## YOUR GOAL
Please give back word for word the lines of the material below between the line containing "Sau khi thu" and the line containing "Lot of Civil", inclusive.

## SOURCE MATERIAL
================

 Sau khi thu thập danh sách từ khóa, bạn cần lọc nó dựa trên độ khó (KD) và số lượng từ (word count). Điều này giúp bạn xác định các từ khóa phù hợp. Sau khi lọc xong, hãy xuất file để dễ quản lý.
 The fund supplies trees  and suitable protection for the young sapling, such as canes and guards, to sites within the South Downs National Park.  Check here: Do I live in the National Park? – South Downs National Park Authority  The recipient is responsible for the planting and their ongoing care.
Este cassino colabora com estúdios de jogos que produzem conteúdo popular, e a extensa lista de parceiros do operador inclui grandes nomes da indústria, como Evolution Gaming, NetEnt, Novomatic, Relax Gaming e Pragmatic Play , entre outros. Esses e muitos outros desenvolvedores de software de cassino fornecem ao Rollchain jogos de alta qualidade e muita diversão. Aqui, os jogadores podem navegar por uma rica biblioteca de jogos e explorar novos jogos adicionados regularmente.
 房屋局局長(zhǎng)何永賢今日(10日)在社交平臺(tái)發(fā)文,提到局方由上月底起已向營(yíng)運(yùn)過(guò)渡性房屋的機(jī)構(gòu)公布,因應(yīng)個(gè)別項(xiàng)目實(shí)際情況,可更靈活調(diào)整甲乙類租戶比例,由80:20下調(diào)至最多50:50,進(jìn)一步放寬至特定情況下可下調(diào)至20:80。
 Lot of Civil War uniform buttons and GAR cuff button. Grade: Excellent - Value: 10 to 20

================

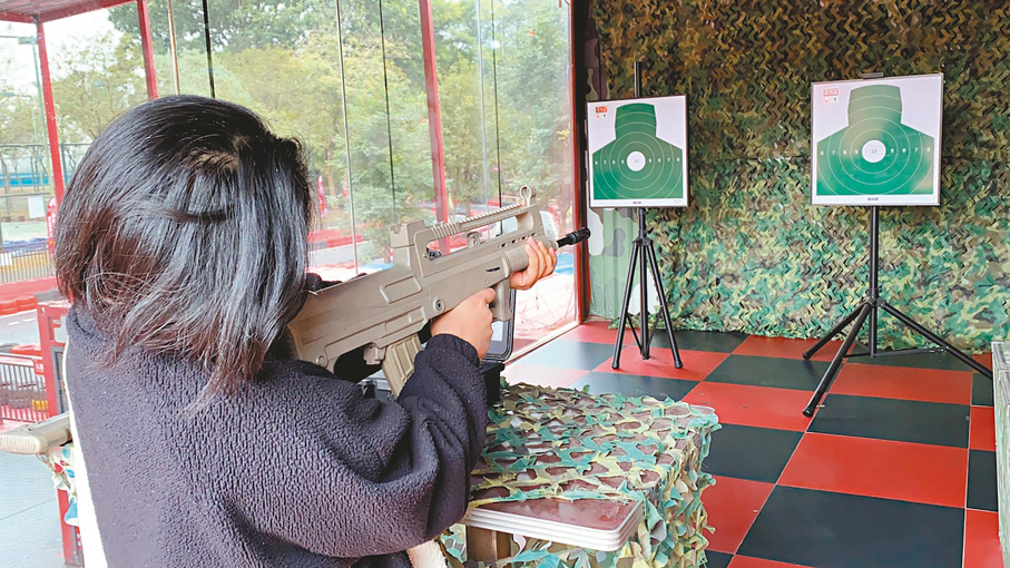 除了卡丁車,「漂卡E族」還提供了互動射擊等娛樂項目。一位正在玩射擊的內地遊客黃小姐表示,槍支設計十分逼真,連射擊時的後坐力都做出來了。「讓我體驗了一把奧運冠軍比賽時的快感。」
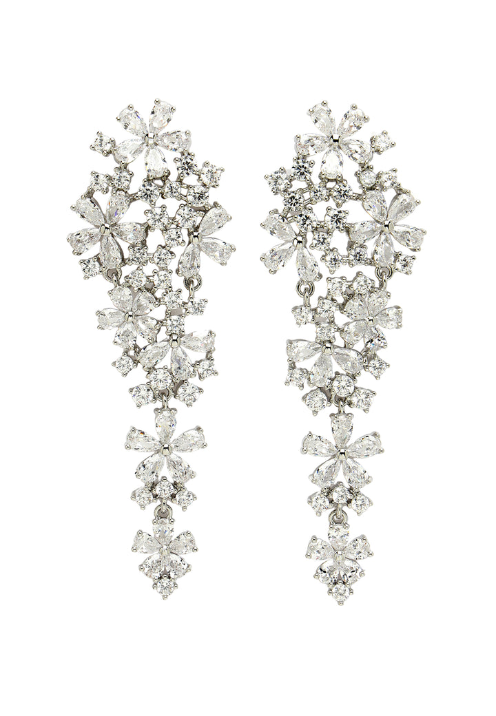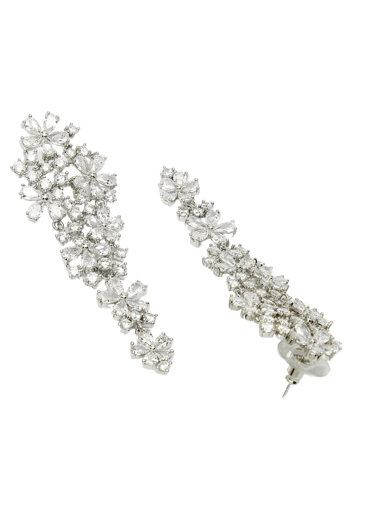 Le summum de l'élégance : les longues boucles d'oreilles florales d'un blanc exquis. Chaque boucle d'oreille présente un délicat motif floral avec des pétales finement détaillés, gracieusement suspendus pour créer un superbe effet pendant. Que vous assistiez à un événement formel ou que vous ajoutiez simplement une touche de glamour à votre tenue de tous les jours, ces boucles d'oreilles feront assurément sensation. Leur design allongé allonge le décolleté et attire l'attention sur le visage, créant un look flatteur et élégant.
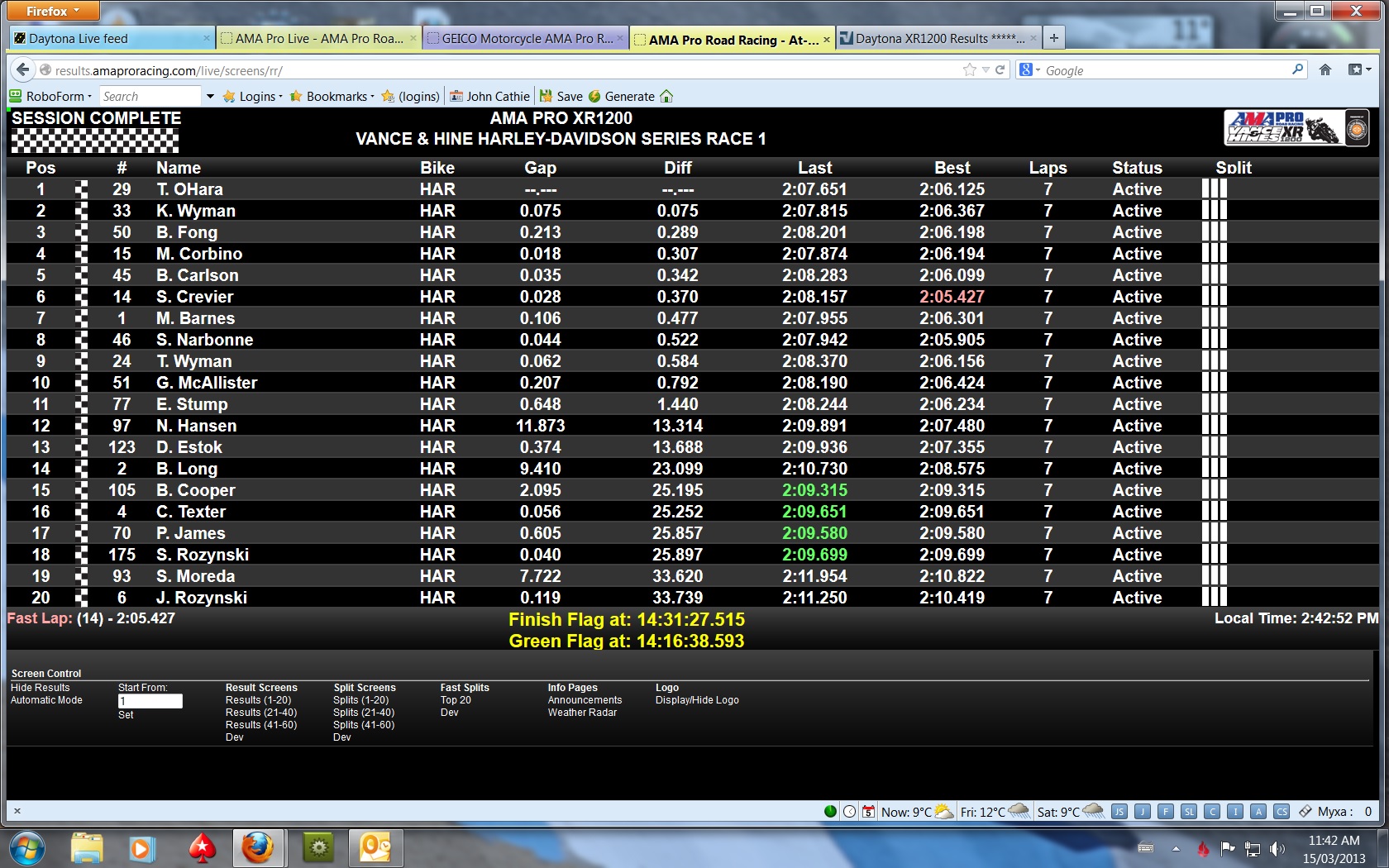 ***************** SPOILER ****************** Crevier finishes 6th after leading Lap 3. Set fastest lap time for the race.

================

## RESPONSE
 Sau khi thu thập danh sách từ khóa, bạn cần lọc nó dựa trên độ khó (KD) và số lượng từ (word count). Điều này giúp bạn xác định các từ khóa phù hợp. Sau khi lọc xong, hãy xuất file để dễ quản lý.
 The fund supplies trees  and suitable protection for the young sapling, such as canes and guards, to sites within the South Downs National Park.  Check here: Do I live in the National Park? – South Downs National Park Authority  The recipient is responsible for the planting and their ongoing care.
Este cassino colabora com estúdios de jogos que produzem conteúdo popular, e a extensa lista de parceiros do operador inclui grandes nomes da indústria, como Evolution Gaming, NetEnt, Novomatic, Relax Gaming e Pragmatic Play , entre outros. Esses e muitos outros desenvolvedores de software de cassino fornecem ao Rollchain jogos de alta qualidade e muita diversão. Aqui, os jogadores podem navegar por uma rica biblioteca de jogos e explorar novos jogos adicionados regularmente.
 房屋局局長(zhǎng)何永賢今日(10日)在社交平臺(tái)發(fā)文,提到局方由上月底起已向營(yíng)運(yùn)過(guò)渡性房屋的機(jī)構(gòu)公布,因應(yīng)個(gè)別項(xiàng)目實(shí)際情況,可更靈活調(diào)整甲乙類租戶比例,由80:20下調(diào)至最多50:50,進(jìn)一步放寬至特定情況下可下調(diào)至20:80。
 Lot of Civil War uniform buttons and GAR cuff button. Grade: Excellent - Value: 10 to 20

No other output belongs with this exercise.